В прозрачных глазах хозяина мелькнуло что-то похожее на колебание:
- Нет... То есть да... Впрочем, это было очень давно. Задолго до
войны.
"Ложь, все это ложь, - твердо решил Антуан. - Может, он не тот, за
кого себя выдает? Но тогда кто?.."
- Я мечтаю подстрелить ягуара, - сказала Софи.
- Я знал одного охотника, - голос Брусвеена звучал очень мягко, - он
выходил на единоборство с ягуаром, вооруженный копьем. Считал, что ружье
может отказать, а копье... Впрочем, я не знаток охоты на диких зверей. Мое
единственное оружие - ланцет, а добыча - листья и цветы.
- А из "вальтера" вы хорошо стреляете? - неожиданно спросил Антуан.
Брусвеен широко распахнул свои прозрачные глаза.
- Я стрелял только из лука. Да и то в далеком детстве.
- Но неужели вам... - начал Антуан. Ему не удалось договорить.
В столовую без стука ворвался уже знакомый путешественникам
привратник и гаркнул по-немецки:
- Герр Брусвеен... Они там...
Яростный взгляд Брусвеена ударил его словно хлыстом.

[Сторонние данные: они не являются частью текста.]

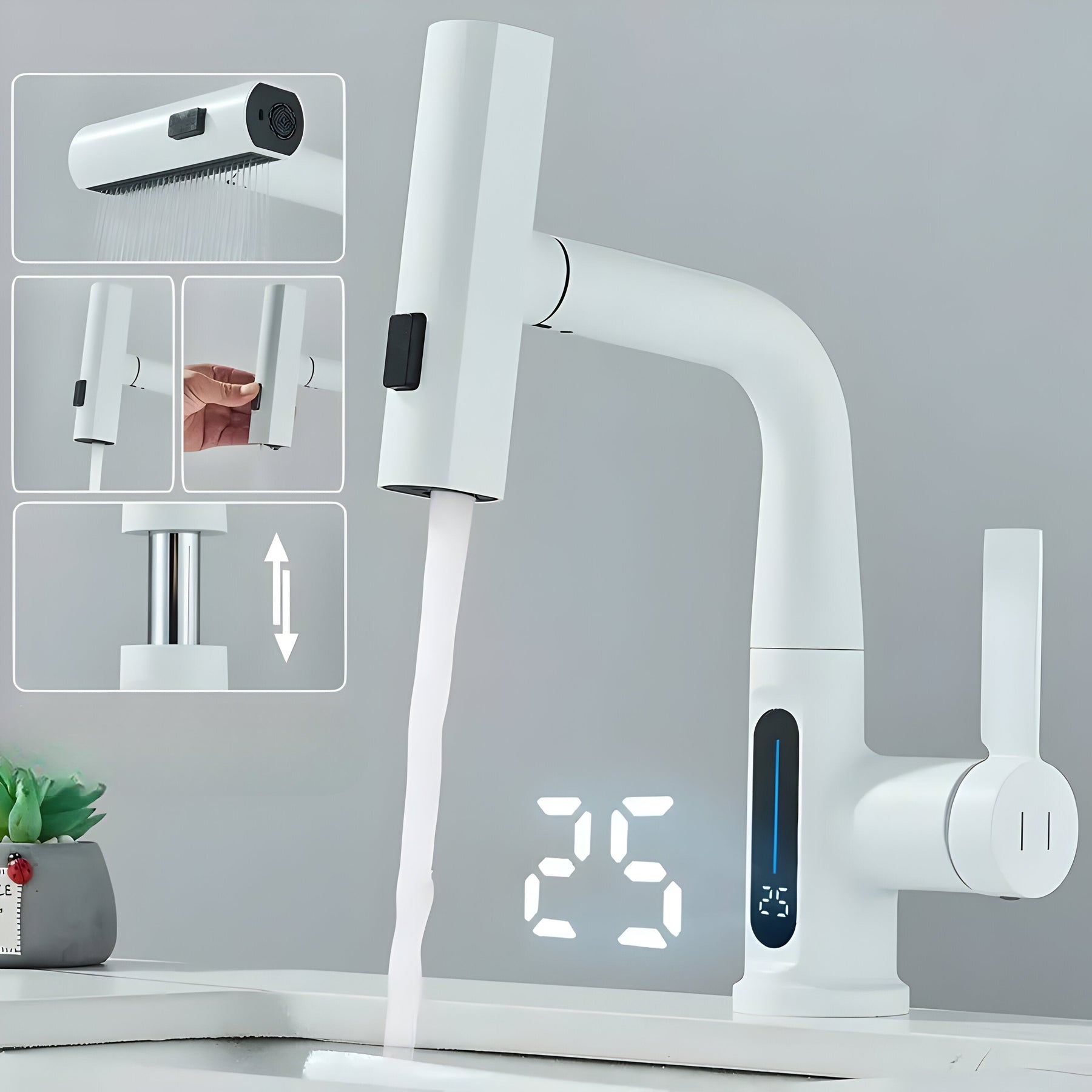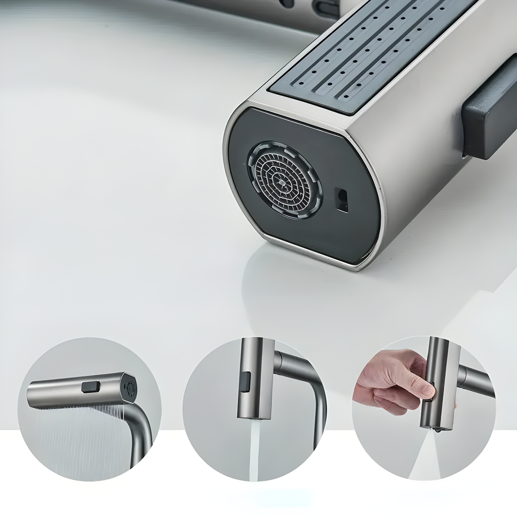 Der AquaForge Wasserhahn ist mehr als nur ein Küchen- oder Badezimmeraccessoire – er ist ein durchdachtes Multifunktionstalent, das Design und Komfort auf ein neues Level hebt. Mit seiner dreistufigen Wasserausgabe, einer ausziehbaren Brause und einem robusten Edelstahl-Finish in Gun Grey, wird jedes Waschbecken zum stilvollen Mittelpunkt. Ob für die Küche oder das Badezimmer – dieser Wasserhahn überzeugt durch Leistung, Vielseitigkeit und ein hochwertiges Erscheinungsbild.

Извинившись, хозяин фазенды встал из-за стола и неторопливо подошел к
привратнику. Минуту они тихо переговаривались. Потом Брусвеен повернулся к
гостям.
- Простите, господа... Произошло нечто непредвиденное.
Он был явно встревожен.
Гости поднялись. Поблагодарив за гостеприимство, распрощались с
хозяином.
Он вышел на веранду, прощально взмахнул рукой.
И вот белая дверь в стене вновь раскрылась и захлопнулась со звуком,
напоминающим пистолетный выстрел.
- Не кажется ли вам, что нас водили за нос? - спросила Софи.
- Герр Брусвеен... Вот так, - сказал Антуан, напирая на слово "герр".
Жоакин ждал возле джипа.
- Здешний фазендейро утверждает, что не видел ни летающей гамбарры,
ни маленьких дьяволят, ни Машадо, - сказал да Пальха.
- Каррамба! Он лжет! Лжет! - темнея от гнева, закричал Жоакин.
Как бы в подтверждение его слов, за высокой бетонной стеной что-то
громыхнуло, завыло, и продолговатое массивное тело свечой взметнулось
ввысь.
- Ол-ля! Гамбарра! - завопил Жоакин.
Где-то невдалеке затарахтел крупнокалиберный пулемет, прочертив
зеленую стену леса и небо над ней бледно-розовым пунктиром трассирующих
пуль.
- Единственное оружие - ланцет, - усмехнулся Антуан. - Вот так,
друзья мои! Едем быстрей отсюда. Интересно, это бунт или Брусвеен пытался
захватить то, что ему не принадлежало...
6
Кабы нам писать не продолжение, а начало, - мы бы еще
и не такое напридумывали.
А.Шейкин, А.Томилин
За окнами качались сосны, касаясь ветвями стен. Тишина и полная
отрешенность от сумасшедшего темпа жизни современного города царили в
клинике института высшей нервной деятельности.
Прошла уже неделя с тех пор, как в одной из палат появился странный
пациент. Врачи, да еще врачи-психиатры - народ привычный, но и они
оставляли работу, чтобы взглянуть на мешковатую фигуру, безучастно
бредущую вслед за санитаром. Именно фигуру, потому что лица человека
разглядеть было невозможно, оно все сплошь заросло густыми блестящими
волосами. Однако не это явилось главной причиной его пребывания в клинике.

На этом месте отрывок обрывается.